Modern models of religion, committed to systematic understandings of ecclesiology, necessarily distinguish between the church’s ethical behaviors on the one hand and the doctrine of the church as the body of Christ on the other. This distinction, coincident with the start of the modern period, reflects the emergence of ethics as a discipline separate from theology. To be sure, a disjunction between belief and behavior may be useful for polemics. But as Lindbeck notes, it then becomes unclear what distinguishes religions from other spheres.[9] If there is an undue fascination with “belief”-that is, with the informational meaning of religious discourse-then religion comes to resemble philosophy or science, a model Lindbeck calls “propositionalist” or “cognitivist.” On the other hand, nondiscursive, symbolic representations of existential orientations-what Lindbeck calls an “experiential-expressivist” model-make religion resemble aesthetic enterprises. While the two alternatives give rise to differing images, both maintain a strong division between belief and behavior.

As Lindbeck has shown, these two modern options are inadequate theoretical descriptions of religion and doctrine. In a similar way, the modern bifurcation of doctrine and ethics also fails to do justice to the performative nature of Anabaptist doctrine. James McClendon has praised the manner in which “Menno Simons, in his Foundations of Christian Doctrine . . . had so interwoven ethics and doctrine that the seam between the two cannot be found.”[10] This “interweaving” becomes intelligible in light of Lindbeck’s claim that religion resembles language. Thus, a scheme that separates doctrine from ethics is as meaningless as rules of grammar that are never applied to the language they were intended to serve.

The correlation between Christology and the Lord’s Supper in Swiss Anabaptism is a particularly revealing example of the usefulness of the cultural-linguistic theory’s emphasis on the interdependence of language and practice or, in this case, doctrine and ethics. Following Zwingli and Karlstadt, Swiss Anabaptism maintained a sharp distinction between the two natures of Christ, which proved useful when arguing against the real presence of Christ in the elements.[11] Their argument went as follows: In the incarnation, Christ took on both a human and a divine nature. Since his ascension, however, Christ’s human nature is in heaven and therefore unable to be present in the eucharistic elements. Therefore, the Lord’s Supper is to be thought of spiritually rather than materially; that is, in terms of the mediation of the Holy Spirit rather than that of Christ’s humanity. This understanding was not unique to Swiss Anabaptism but remained an enduring feature of all Reformed Christology.

Of particular interest here is the nature of the conflict between the Swiss Anabaptists’ Christological predispositions, given their emergence from the Reformed tradition, and their accompanying ecclesiology-the realities of their life as the church. In actual practice, the common identity of Swiss Anabaptism was reinforced more by an identification with Christ’s humanity than with his divinity. It was verified by experiences that were more physical than spiritual. The unavoidable realities of persecution and martyrdom especially encouraged them to regard the church, in its external life, as the incarnational extension of Jesus’ life on earth. Therefore, baptism and the Lord’s Supper involved the participation of Christians in declaring Christ’s humanity by means of the same kind of revelation found in the incarnation.
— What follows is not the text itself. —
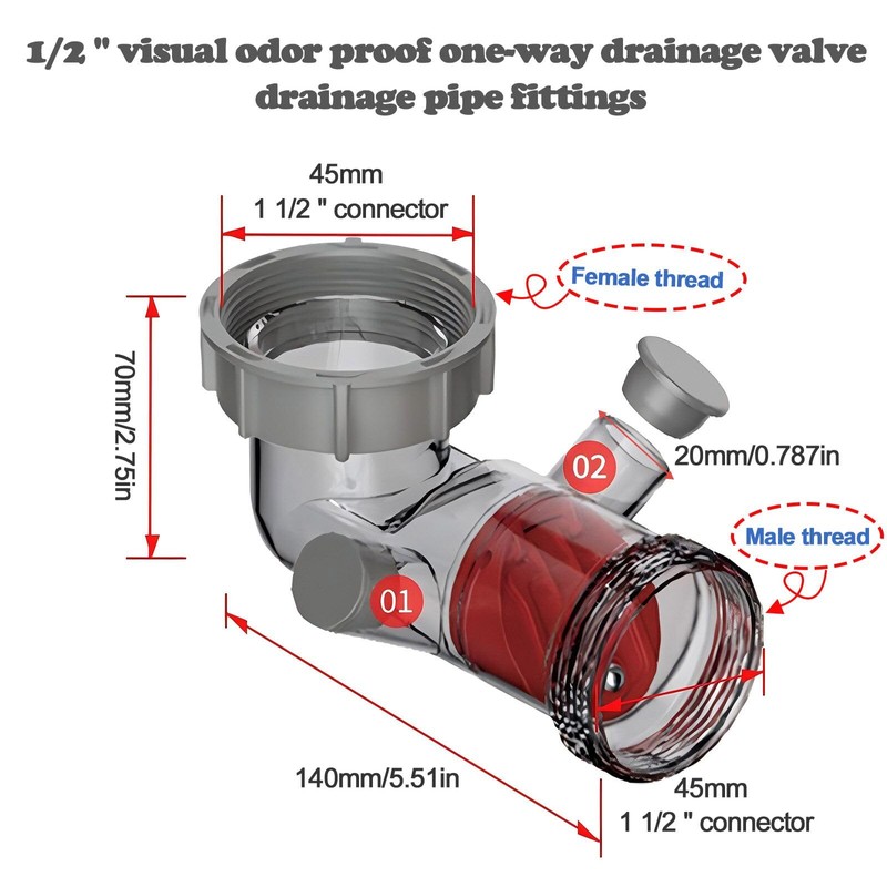 - NEW DESIGN: Our drain fittings purchase thickened PP material made and steel ball, translucent grey visible with auto close one way check valve design, anti-clogging, anti-odour.

In this way, the eucharistic doctrines of the sixteenth-century Swiss Anabaptists emerged out of the interaction between these two Christologies, the result drawing on beliefs about the nature of Christ understood both spiritually (Reformed) and materially (in the church). They strongly reflect belief in the spiritual presence of Christ; that is, the participation of his divine nature made possible by the ascension. However, they also are ecclesiologically nuanced, reflecting the conviction that, by virtue of his incarnation, Christ’s human nature is present, not in the bread and wine but in the gathered body of celebrants. In his careful study of the Lord’s Supper in Anabaptism, John Rempel has observed that “where Christ is believed to be present in both his natures, there his humanity is at work in the external acts of the church, uniting them with his divinity, which is at work in the internal life of the church, in its collective faith.”[12]

STORY AND EUCHARIST AS THE NORMATIVE FORM

This interaction between two Christologies is an instance of what has been noted above concerning the interaction between language and practice. For the Anabaptists in question, the emphasis on Christ’s divinity originated simply as a proposition carried over from Zwingli and Karlstadt while the emphasis on his humanity derived from their experience as the church. The doctrine that emerged did not favor one option at the expense of the other but instead incorporated both in order to be truthful to the nature of life as an embodied whole. Lindbeck considers this kind of reciprocal causality between religion and experience to be normative.[13]

It would be inaccurate to view this reciprocal interaction as either a corruption of “pure” doctrine by experience or as a limitation placed on experience by doctrine. If, for example, religious claims are thought to be solely propositional, then “doctrinal reconciliation without capitulation is impossible”[14] and the present case likely represents a failure to withstand cultural and experiential forces contrary to “pure” doctrine. In contrast, if religious claims are thought solely to be expressive in character, analysis of the present case necessarily suggests that the forms of belief that remained in this version of Swiss Anabaptism did so because of the weakness of the believers. From this perspective, one could have dismissed the original doctrine entirely.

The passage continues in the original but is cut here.